這哪像誇人的話?馮玉貞在心中痛罵了幾聲老妖婆,你打扮得再美,皇帝也不會多看你一眼。
麵上卻裝出很受用的樣子,笑道:“妾能進宮服侍娘娘,已經是萬幸,不敢奢望更多。”
能做宮裏榮華富貴的娘娘,誰又願意去當個賣胭脂花粉的老板娘,老了一樣無人問津。
馮玉貞揮著團扇,心中暗暗發愁,她該如何讓夏桐懷有身孕一事曝露人前呢?
當然,在那之前,她得先驗證這身孕是千真萬確的。
……
自打夏桐驗出喜脈,關雎宮的宮人做起事來就更賣力了。光是伺候一位美人還說不上前途無量,可若美人成功生下皇子,將來最低也是個藩王,若運氣再好點,太子之位也未嚐不可爭一爭呢——到那時候,難道會少他們的好處呢?
夏桐用不著怎麽施惠上下,人心就自發自覺地歸攏到她身邊來,春蘭秋菊更是待她比親娘還好,含在嘴裏怕化了,捧在手心怕摔了。
夏桐享受著眾星拱月的待遇,也懷疑自己上輩子是否拯救了蒼生,這輩子專程來躺贏的。
平姑見她成天懶洋洋地坐著,就歎道:“美人,這可不行,還是得多起來走動。”
她是生過孩子的,很知道頭胎如何艱難,若隻吃不動,到時候孩子在母體長得過於胖大,怕是難免麻煩。
夏桐隻好虛心納諫,可大夏天的隨便逛逛就出一身汗,她隻能趁清早和傍晚在關雎宮那條巷道上溜達兩圈,當然,春蘭等人也會隨時陪著。
結果就看見了馮玉貞。
這馮玉貞也不知怎麽回事,最近對她忽然關懷備至,往關雎宮遞了幾回帖子,都被夏桐借口身子不爽推脫了——她跟馮氏又沒什麽交情,想也知道黃鼠狼給雞拜年沒安好心。
馮玉貞卻是鍥而不舍,頂著烈日在關雎宮外守株待兔,總算被她逮了個正著。
夏桐隻好笑臉相迎,“馮姐姐。”
馮玉貞果然天賦異稟,哪怕經了半天太陽灼曬,臉上卻連半點汗珠都沒出,更不曾暈妝——夏桐真想打聽打聽她那粉底是什麽牌子。
不過懷孕的人不宜化妝,夏桐此刻便是近乎素麵朝天的架勢,和馮玉貞比起來,簡直一個天一個地。
馮玉貞總算找回一點心理上的滿足感,眉梢眼角止不住得意,“妹妹近來氣色似乎不是上佳。”
夏桐打了個嗬欠,“身子乏得很,實在無心妝飾。”
馮玉貞心中一動,這挺像懷孕的症候,她趁勢問道:“可知是什麽緣故呢?不如請太醫來……”

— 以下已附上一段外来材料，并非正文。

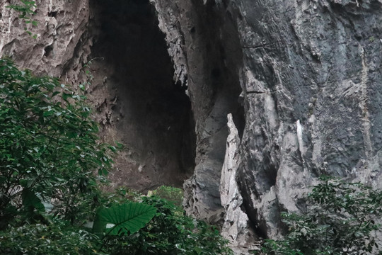 天坑内壁上的是石灰岩山体,在雨水的沉积和地表水侵蚀共同作用下,形成了形态各异的岩石奇观,其中最让我震撼的是观音赐福,这是一座已经屹立在峭壁上亿万年之久的奇石,酷似观音菩萨正在传经说法、降福赐寿,为“天坑第一天然观音”。

夏桐含笑打斷她,“不必了,這種事哪用得著麻煩太醫,不過就是晚上累著了。”
至於因何而累,當然不言自喻——還不是為了伺候男人!
馮玉貞看起來活像吞了隻蒼蠅,她怎麽有臉說出這種話?真是不知廉恥!
馮玉貞卻是要臉的,勉強擠出一笑,“陛下當真寵愛妹妹。”
“寵歸寵,我倒是巴不得清閑些。”夏桐美目盈盈,“說起來姐姐進宮也有段時日了,至今未蒙恩幸,連我都替你感到委屈呢。”
馮玉貞忽然覺得自己今日過來就是個錯誤,這一句句話都在往她心上捅刀子——話說她到底是為什麽而來的?